### WHAT YOU SHOULD DO
Return, word for word, only the lines of the data below that lie between the line with "Veste noire 60" and the line with "Brand: Rough CountryPart", those two lines included.

[[ SUPPLIED DATA open ]]

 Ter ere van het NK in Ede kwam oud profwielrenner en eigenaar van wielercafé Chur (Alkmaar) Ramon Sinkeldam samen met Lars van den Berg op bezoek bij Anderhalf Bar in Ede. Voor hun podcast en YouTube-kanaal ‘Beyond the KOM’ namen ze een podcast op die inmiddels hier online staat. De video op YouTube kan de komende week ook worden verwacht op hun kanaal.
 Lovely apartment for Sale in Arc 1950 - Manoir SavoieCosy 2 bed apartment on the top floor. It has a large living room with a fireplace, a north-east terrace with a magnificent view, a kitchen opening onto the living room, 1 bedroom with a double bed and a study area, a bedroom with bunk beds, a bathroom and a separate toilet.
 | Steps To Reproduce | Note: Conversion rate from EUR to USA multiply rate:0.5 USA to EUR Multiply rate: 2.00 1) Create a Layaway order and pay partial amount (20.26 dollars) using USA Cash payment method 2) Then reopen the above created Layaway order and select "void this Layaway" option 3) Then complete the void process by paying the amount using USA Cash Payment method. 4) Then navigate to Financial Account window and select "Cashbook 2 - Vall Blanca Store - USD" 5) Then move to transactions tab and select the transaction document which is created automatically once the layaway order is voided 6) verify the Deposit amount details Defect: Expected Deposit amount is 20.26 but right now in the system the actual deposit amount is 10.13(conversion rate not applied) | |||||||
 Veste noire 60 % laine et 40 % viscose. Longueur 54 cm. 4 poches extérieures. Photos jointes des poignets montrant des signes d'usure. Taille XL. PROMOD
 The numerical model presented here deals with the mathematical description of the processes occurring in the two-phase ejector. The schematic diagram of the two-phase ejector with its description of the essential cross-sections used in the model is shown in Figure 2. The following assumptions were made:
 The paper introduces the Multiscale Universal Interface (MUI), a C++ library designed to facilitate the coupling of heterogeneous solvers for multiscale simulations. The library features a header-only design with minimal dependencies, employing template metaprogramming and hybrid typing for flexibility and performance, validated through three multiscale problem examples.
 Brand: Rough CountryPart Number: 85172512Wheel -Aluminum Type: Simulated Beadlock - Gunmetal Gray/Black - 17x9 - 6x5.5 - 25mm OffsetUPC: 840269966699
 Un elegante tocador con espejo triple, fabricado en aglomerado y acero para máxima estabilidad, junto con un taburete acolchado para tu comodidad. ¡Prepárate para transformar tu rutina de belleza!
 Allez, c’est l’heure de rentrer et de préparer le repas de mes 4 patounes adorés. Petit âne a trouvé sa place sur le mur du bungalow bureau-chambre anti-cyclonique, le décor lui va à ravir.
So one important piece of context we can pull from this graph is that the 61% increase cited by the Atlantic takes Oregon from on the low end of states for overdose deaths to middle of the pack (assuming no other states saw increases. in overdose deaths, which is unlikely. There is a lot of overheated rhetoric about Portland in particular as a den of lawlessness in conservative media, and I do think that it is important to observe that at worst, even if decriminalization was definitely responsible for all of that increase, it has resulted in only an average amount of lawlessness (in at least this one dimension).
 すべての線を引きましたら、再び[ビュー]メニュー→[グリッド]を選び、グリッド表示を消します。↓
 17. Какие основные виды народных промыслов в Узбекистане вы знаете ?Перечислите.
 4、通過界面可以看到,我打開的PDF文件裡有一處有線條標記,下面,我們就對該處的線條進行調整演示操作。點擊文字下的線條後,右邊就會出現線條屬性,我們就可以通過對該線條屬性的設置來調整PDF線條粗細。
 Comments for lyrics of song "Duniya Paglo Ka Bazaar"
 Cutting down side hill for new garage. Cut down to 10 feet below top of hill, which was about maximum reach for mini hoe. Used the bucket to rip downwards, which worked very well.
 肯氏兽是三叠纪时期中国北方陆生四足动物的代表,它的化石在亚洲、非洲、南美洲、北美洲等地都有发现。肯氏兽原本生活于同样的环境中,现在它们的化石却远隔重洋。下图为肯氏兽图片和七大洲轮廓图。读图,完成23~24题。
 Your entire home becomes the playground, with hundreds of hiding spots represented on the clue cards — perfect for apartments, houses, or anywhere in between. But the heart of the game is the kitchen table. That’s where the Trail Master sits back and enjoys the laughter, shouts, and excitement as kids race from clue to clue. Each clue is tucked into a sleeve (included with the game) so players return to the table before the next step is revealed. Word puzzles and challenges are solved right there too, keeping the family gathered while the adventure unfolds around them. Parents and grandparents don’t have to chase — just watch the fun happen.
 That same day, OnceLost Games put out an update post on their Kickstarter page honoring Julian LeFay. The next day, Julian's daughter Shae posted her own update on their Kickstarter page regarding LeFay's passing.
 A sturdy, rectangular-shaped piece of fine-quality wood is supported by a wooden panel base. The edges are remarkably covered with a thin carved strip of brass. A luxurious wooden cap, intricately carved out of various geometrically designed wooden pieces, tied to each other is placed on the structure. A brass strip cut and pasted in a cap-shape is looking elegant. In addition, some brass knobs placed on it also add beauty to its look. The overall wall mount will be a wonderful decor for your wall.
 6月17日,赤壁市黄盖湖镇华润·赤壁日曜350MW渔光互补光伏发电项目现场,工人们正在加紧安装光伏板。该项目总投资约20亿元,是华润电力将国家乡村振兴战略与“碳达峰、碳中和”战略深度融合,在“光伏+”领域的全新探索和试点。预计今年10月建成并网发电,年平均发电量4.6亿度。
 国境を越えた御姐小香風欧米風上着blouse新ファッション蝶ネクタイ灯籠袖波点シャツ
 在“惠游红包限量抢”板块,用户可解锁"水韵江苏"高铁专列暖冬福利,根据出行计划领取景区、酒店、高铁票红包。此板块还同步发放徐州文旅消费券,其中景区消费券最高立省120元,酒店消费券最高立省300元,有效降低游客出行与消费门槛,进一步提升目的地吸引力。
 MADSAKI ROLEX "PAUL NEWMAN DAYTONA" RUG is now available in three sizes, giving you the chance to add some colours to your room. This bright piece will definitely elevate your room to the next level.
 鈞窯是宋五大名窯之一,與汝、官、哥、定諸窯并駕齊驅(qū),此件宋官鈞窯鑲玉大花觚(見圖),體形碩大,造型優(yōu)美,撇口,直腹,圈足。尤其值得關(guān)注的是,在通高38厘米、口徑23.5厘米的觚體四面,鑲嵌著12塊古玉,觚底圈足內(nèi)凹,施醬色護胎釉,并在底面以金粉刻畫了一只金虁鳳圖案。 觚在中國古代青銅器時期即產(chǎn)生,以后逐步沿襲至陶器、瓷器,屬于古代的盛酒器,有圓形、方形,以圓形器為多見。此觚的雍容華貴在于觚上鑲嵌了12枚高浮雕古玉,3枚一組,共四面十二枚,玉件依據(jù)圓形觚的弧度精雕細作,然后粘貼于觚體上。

[[ SUPPLIED DATA closed ]]

### TASK RESULT
 Veste noire 60 % laine et 40 % viscose. Longueur 54 cm. 4 poches extérieures. Photos jointes des poignets montrant des signes d'usure. Taille XL. PROMOD
 The numerical model presented here deals with the mathematical description of the processes occurring in the two-phase ejector. The schematic diagram of the two-phase ejector with its description of the essential cross-sections used in the model is shown in Figure 2. The following assumptions were made:
 The paper introduces the Multiscale Universal Interface (MUI), a C++ library designed to facilitate the coupling of heterogeneous solvers for multiscale simulations. The library features a header-only design with minimal dependencies, employing template metaprogramming and hybrid typing for flexibility and performance, validated through three multiscale problem examples.
 Brand: Rough CountryPart Number: 85172512Wheel -Aluminum Type: Simulated Beadlock - Gunmetal Gray/Black - 17x9 - 6x5.5 - 25mm OffsetUPC: 840269966699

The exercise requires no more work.